*** Opening of INFORMATION SHOWN ***

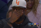坐在场边的詹姆斯看到这一幕后捂住了双眼,已经笑得不行了。
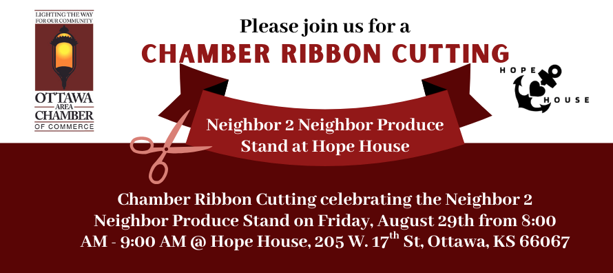August 29th - 8:00am Chamber Ribbon Cutting for Neighbor 2 Neighbor Produce Stand @ Hope House, 205 W. 17th St, Ottawa. September 1st - Chamber Office Will Be Closed in Honor of Labor Day.
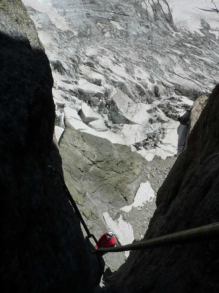 Descrizione: dalla sosta ultima si scende sino alla cengia e da li si seguono le calate (inox con catena, nuove) sino al primo nevaio (calate da 25 m tutte della raumer); al nevaio è stato collegato uno spit con grosso anello, così da scendere il nevaio, con una doppia, in sicurezza.
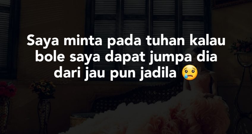 Saya minta pada tuhan kalau bole saya dapat jumpa dia dari jau pun jdila.. saya nak sangat tau kehidupan dia macam mana tempat saya… tapi sampai sekarang tuhan tak pernah pertemukan kami padahal kami tak jau mana pun tinggl.. bukan sekmpung tapi 1 pekan… takkn sesat punya kalau orang baru msuk pekan kami… tapi kenapa kami susah nak di pertemukan.. atau ini mainaan sya*tan.. saya tak tau lgi macam mana lupakan dia.. kalau laa admin bole bgi saya sedikit nasihat ke.
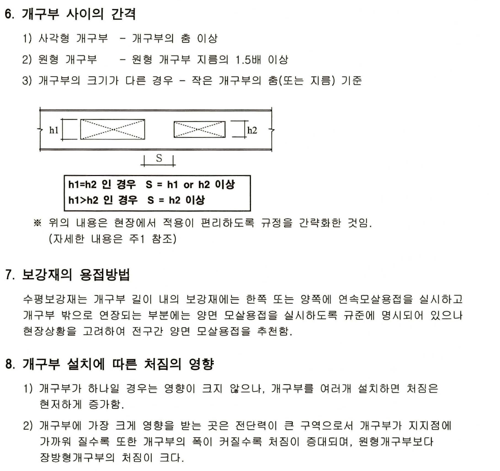 - 개구부와 보강판 사이 간격은 12~25mm 정도
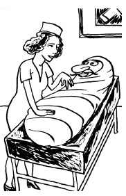 Мы заглядываем в разные процедурные кабинеты. В одном из них я вижу весьма странную фигуру. На кушетке лежит некто неопределенного пола, закутанный с головы до ног во что-то белое. Похоже на большой, в человеческий рост, кокон.

*** Close of INFORMATION SHOWN ***

# AIM OF THE TASK
Print again, exactly, the lines of the records above from the first line through the line with "August 29th - 8:00am". No pictures.

# EXERCISE SOLUTION
坐在场边的詹姆斯看到这一幕后捂住了双眼,已经笑得不行了。
August 29th - 8:00am Chamber Ribbon Cutting for Neighbor 2 Neighbor Produce Stand @ Hope House, 205 W. 17th St, Ottawa. September 1st - Chamber Office Will Be Closed in Honor of Labor Day.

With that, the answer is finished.